— WORK INSTRUCTIONS —
Return the full listing unchanged, excluding any images it contains.

— PROVIDED MATERIAL —
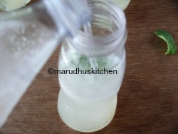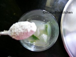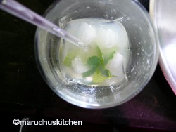 - Take a glass add salt,mint leaves,lemon juice ,powdered sugar,ice-cubes and mix thoroughly.
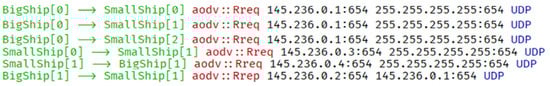 Figure 14 shows the detailed data interaction log graph between two vessel nodes of M-MANET intercepted in OMNET++ (OMNet++4.6). As shown in the figure, the cargo vessel node 0 first transmits the data packet to the USV nodes 0, 1, and 2, and after USV node 0 successfully receives the data packet and completes the next-hop node selection, it forwards the data packet to USV node 1. Finally, it is sent through the USV node 1 to complete the transmission of the data packet to the cargo vessel node 1.
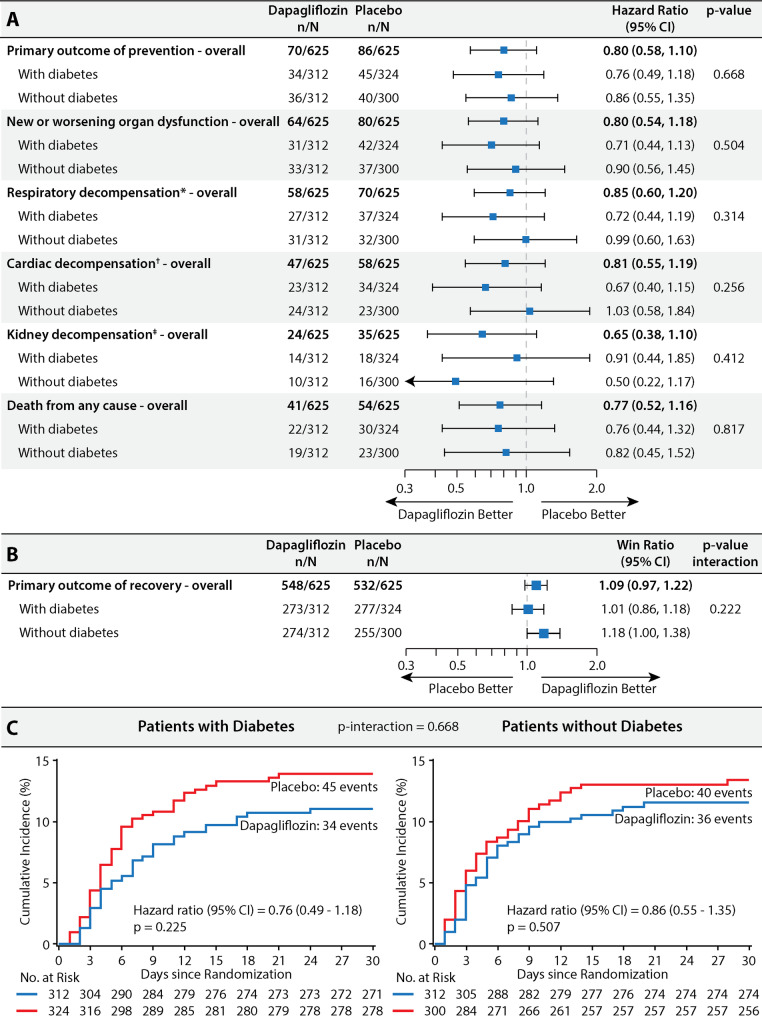 Methods: The DARE-19 trial randomized 1250 patients hospitalized with COVID-19 and cardiometabolic risk factors to dapagliflozin or placebo. T2D was present in 636/1250 (50.9%) of the cohort. Dual primary outcomes were evaluated: prevention (time to new or worsened organ dysfunction or death) and a hierarchical composite outcome of recovery (change in clinical status by day 30). Key biomarkers (serum bicarbonate, estimated glomerular filtration rate [eGFR], hematocrit, and glucose) and safety were assessed in participants with and without T2D during index hospitalization.

— EXERCISE SOLUTION —
 - Take a glass add salt,mint leaves,lemon juice ,powdered sugar,ice-cubes and mix thoroughly.
 Figure 14 shows the detailed data interaction log graph between two vessel nodes of M-MANET intercepted in OMNET++ (OMNet++4.6). As shown in the figure, the cargo vessel node 0 first transmits the data packet to the USV nodes 0, 1, and 2, and after USV node 0 successfully receives the data packet and completes the next-hop node selection, it forwards the data packet to USV node 1. Finally, it is sent through the USV node 1 to complete the transmission of the data packet to the cargo vessel node 1.
 Methods: The DARE-19 trial randomized 1250 patients hospitalized with COVID-19 and cardiometabolic risk factors to dapagliflozin or placebo. T2D was present in 636/1250 (50.9%) of the cohort. Dual primary outcomes were evaluated: prevention (time to new or worsened organ dysfunction or death) and a hierarchical composite outcome of recovery (change in clinical status by day 30). Key biomarkers (serum bicarbonate, estimated glomerular filtration rate [eGFR], hematocrit, and glucose) and safety were assessed in participants with and without T2D during index hospitalization.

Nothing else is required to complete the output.